Dataset extract:
++++++++++
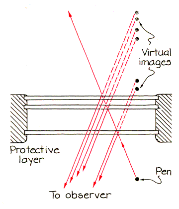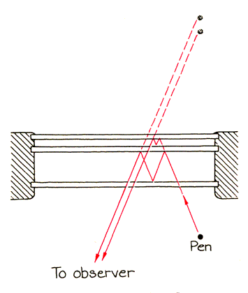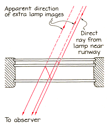 The reflections giving rise to the various images are indicated in the illustration at the left below. Each reflected ray is mentally extrapolated backward, so that it appears to have originated beyond the window. (For clarity the illustration has been simplified by assuming that the observer is far from the window; a single ray from the pen is responsible for the various reflections and images. Actually the observer is near the window and a slightly different ray from the pen is needed for each reflection; all the reflected rays converge at the observer's eyes. I shall ignore that detail here.) The images are dim because every time the light reaches a surface (either the front or the back of a layer) only a small fraction of the light is reflected; the rest of it continues to travel outward. The dimness of the images makes them hard to make out during daylight, when a flood of light comes to your eyes from outside the plane. If the night is dark and if the light reflecting off the pen toward the window is particularly bright while the cabin is otherwise dark, you may see even more images in the window. They are caused by multiple reflections between layers or even from the front and back surfaces of a single layer. For example, a ray from the pen can pass through the first layer and be reflected from the middle layer, be bounced back by the first layer and then reflected again from the middle layer before it reaches you [see Figure 4]. The bounced light creates another image of the pen, but this image is quite dim, because the three reflections leave a final ray of low intensity. You may notice other images in a window. Can you figure out how they develop from multiple reflections? I can see images arising from multiple reflections better when the aircraft is waiting for takeoff at night. I switch off the overhead light and examine a runway lamp either ahead of me or to the rear. Trailing off to one side of my direct view of the runway lamp there are images that must have been generated by multiple reflections from the window layers or from the front and back surfaces of a single layer [see illustration above left]. A runway lamp that is directly off to the side of the aircraft does not give such a display. The light from it does undergo multiple reflections, but the resulting images overlap and cannot be distinguished. When the light from the lamp reaches the window along a slanted path, the images due to multiple reflections between layers are separated enough to be distinguished; the images due to multiple reflections within a single layer are more tightly spaced and are harder to distinguish.
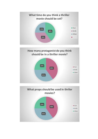 This questionnaire asked respondents about their preferences for thriller movies. Most respondents preferred gun thrillers to knife or other genres. The top main topics were forests at 50% and abandoned buildings at 25%. The most related locations to thrillers were also ranked as gun, knife, and other. The preferred time for a thriller movie was ranked as gun, knife, or other. When asked about the number of protagonists, gun, knife, or other were again the top answers. For props in thrillers, gun and knife once more ranked above other options.
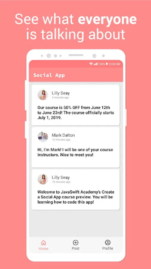This is a preview of the app you will make in our Create Your Own Social App course.
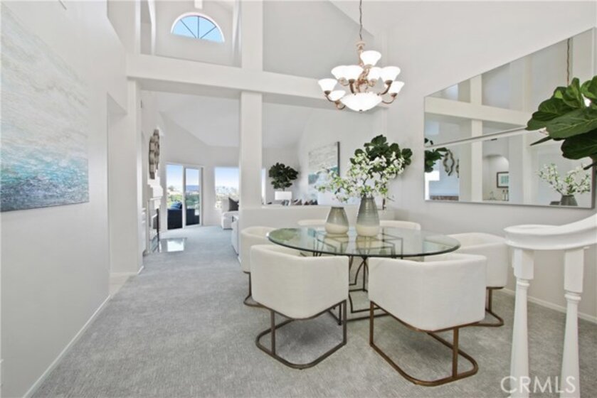 High up on the hill top on a serene & quiet location behind private gates sits this gorgeous home with tranquil view of hillsides, mountains and distance ocean views of Dana Point Harbor. Recently updated with soft colors & quartz counters, stainless steel appliances, white cabinets, all new daylight fixtures, new paint & new flooring. This very spacious home offers elegant, very light & bright main floor living & dining rooms with high ceilings, fireplace, wet bar and sliding doors open to ocean view deck. Right of the beautiful newly designed kitchen is a cozy family room which opens to large deck, great for having a morning coffee or enjoying a glass of wine while taking in the beautiful surrounding views or a colorful sunset. Main floor also features a powder & Laundry rooms and direct access to two car garage. Master suite takes up an entire lower level featuring large retreat, cozy office, huge master bath with walk in shower & soaking tub, walk in closet and a large deck to enjoy the gorgeous evening views. On the top level 2 guest suites offer total privacy and a surprise peak view of ocean. Guard gated Laguna Sur offers great amenities like easy to access 2 pools & spas, tennis courts, lots of beautiful walking trails & 2nd gate for access by residents. A short drive to Laguna to enjoy fine shops & fine restaurants or to Dana Point Harbor for water sport activities. Trustee sale no court approval needed, Please call to see this home it is priced to sell fast.
++++++++++
Directions for this task: Copy every line of the data word for word, omitting the images.

Task solution:
 The reflections giving rise to the various images are indicated in the illustration at the left below. Each reflected ray is mentally extrapolated backward, so that it appears to have originated beyond the window. (For clarity the illustration has been simplified by assuming that the observer is far from the window; a single ray from the pen is responsible for the various reflections and images. Actually the observer is near the window and a slightly different ray from the pen is needed for each reflection; all the reflected rays converge at the observer's eyes. I shall ignore that detail here.) The images are dim because every time the light reaches a surface (either the front or the back of a layer) only a small fraction of the light is reflected; the rest of it continues to travel outward. The dimness of the images makes them hard to make out during daylight, when a flood of light comes to your eyes from outside the plane. If the night is dark and if the light reflecting off the pen toward the window is particularly bright while the cabin is otherwise dark, you may see even more images in the window. They are caused by multiple reflections between layers or even from the front and back surfaces of a single layer. For example, a ray from the pen can pass through the first layer and be reflected from the middle layer, be bounced back by the first layer and then reflected again from the middle layer before it reaches you [see Figure 4]. The bounced light creates another image of the pen, but this image is quite dim, because the three reflections leave a final ray of low intensity. You may notice other images in a window. Can you figure out how they develop from multiple reflections? I can see images arising from multiple reflections better when the aircraft is waiting for takeoff at night. I switch off the overhead light and examine a runway lamp either ahead of me or to the rear. Trailing off to one side of my direct view of the runway lamp there are images that must have been generated by multiple reflections from the window layers or from the front and back surfaces of a single layer [see illustration above left]. A runway lamp that is directly off to the side of the aircraft does not give such a display. The light from it does undergo multiple reflections, but the resulting images overlap and cannot be distinguished. When the light from the lamp reaches the window along a slanted path, the images due to multiple reflections between layers are separated enough to be distinguished; the images due to multiple reflections within a single layer are more tightly spaced and are harder to distinguish.
 This questionnaire asked respondents about their preferences for thriller movies. Most respondents preferred gun thrillers to knife or other genres. The top main topics were forests at 50% and abandoned buildings at 25%. The most related locations to thrillers were also ranked as gun, knife, and other. The preferred time for a thriller movie was ranked as gun, knife, or other. When asked about the number of protagonists, gun, knife, or other were again the top answers. For props in thrillers, gun and knife once more ranked above other options.
This is a preview of the app you will make in our Create Your Own Social App course.
 High up on the hill top on a serene & quiet location behind private gates sits this gorgeous home with tranquil view of hillsides, mountains and distance ocean views of Dana Point Harbor. Recently updated with soft colors & quartz counters, stainless steel appliances, white cabinets, all new daylight fixtures, new paint & new flooring. This very spacious home offers elegant, very light & bright main floor living & dining rooms with high ceilings, fireplace, wet bar and sliding doors open to ocean view deck. Right of the beautiful newly designed kitchen is a cozy family room which opens to large deck, great for having a morning coffee or enjoying a glass of wine while taking in the beautiful surrounding views or a colorful sunset. Main floor also features a powder & Laundry rooms and direct access to two car garage. Master suite takes up an entire lower level featuring large retreat, cozy office, huge master bath with walk in shower & soaking tub, walk in closet and a large deck to enjoy the gorgeous evening views. On the top level 2 guest suites offer total privacy and a surprise peak view of ocean. Guard gated Laguna Sur offers great amenities like easy to access 2 pools & spas, tennis courts, lots of beautiful walking trails & 2nd gate for access by residents. A short drive to Laguna to enjoy fine shops & fine restaurants or to Dana Point Harbor for water sport activities. Trustee sale no court approval needed, Please call to see this home it is priced to sell fast.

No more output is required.